Linear no-threshold model

Alternative assumptions for the extrapolation of the cancer risk vs. radiation dose to low-dose levels, given a known risk at a high dose:
(A) supra-linearity, (B) linear
(C) linear-quadratic, (D) hormesis

The linear no-threshold model (LNT) is a model used in radiation protection to quantify radiation exposure and set regulatory limits.
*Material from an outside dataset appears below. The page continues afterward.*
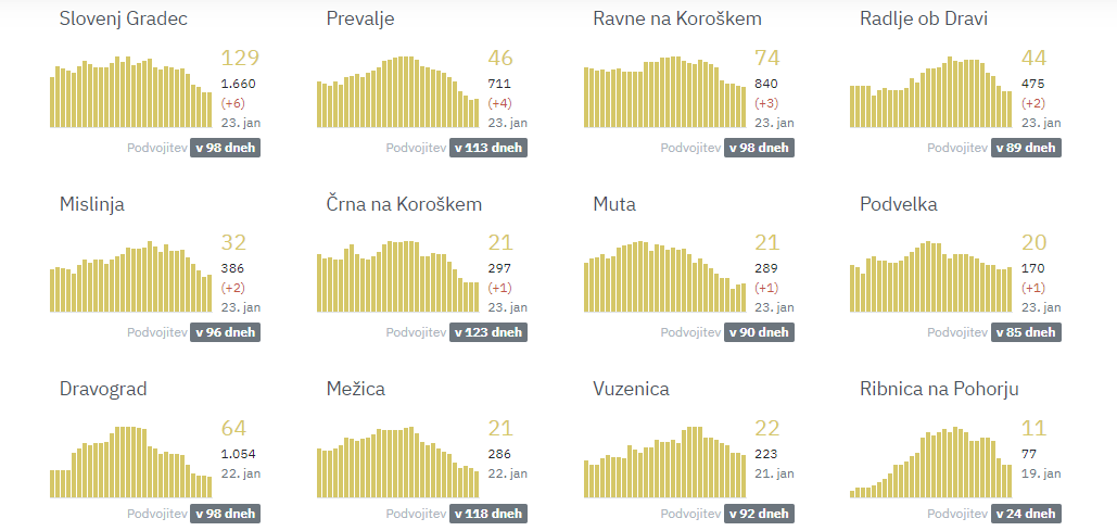 Slovenj Gradec 6, Prevalje 4, Ravne na Koroškem 3, Radlje ob Dravi 2, Mislinja 2, Črna 1, Muta 1, Podvelka 1.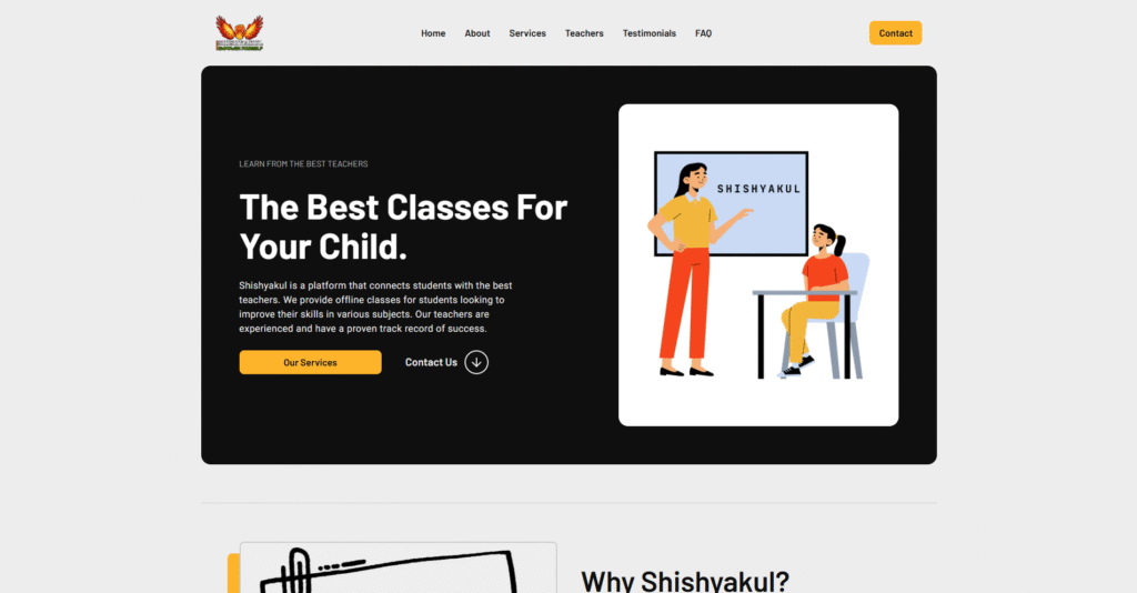 A tuition Classes website where they provide all the information about their classes, including their teachers, testimonials, and class overview. Also, a custom Class Management Portal has been built for their classes.

It assumes that the long term, biological damage caused by ionizing radiation (essentially the cancer risk) is directly proportional to the dose. This allows the summation by dosimeters of all radiation exposure, without taking into consideration dose levels or dose rates.[1] In other words, radiation is always considered harmful with no safety threshold, and the sum of several very small exposures are considered to have the same effect as one larger exposure (response linearity).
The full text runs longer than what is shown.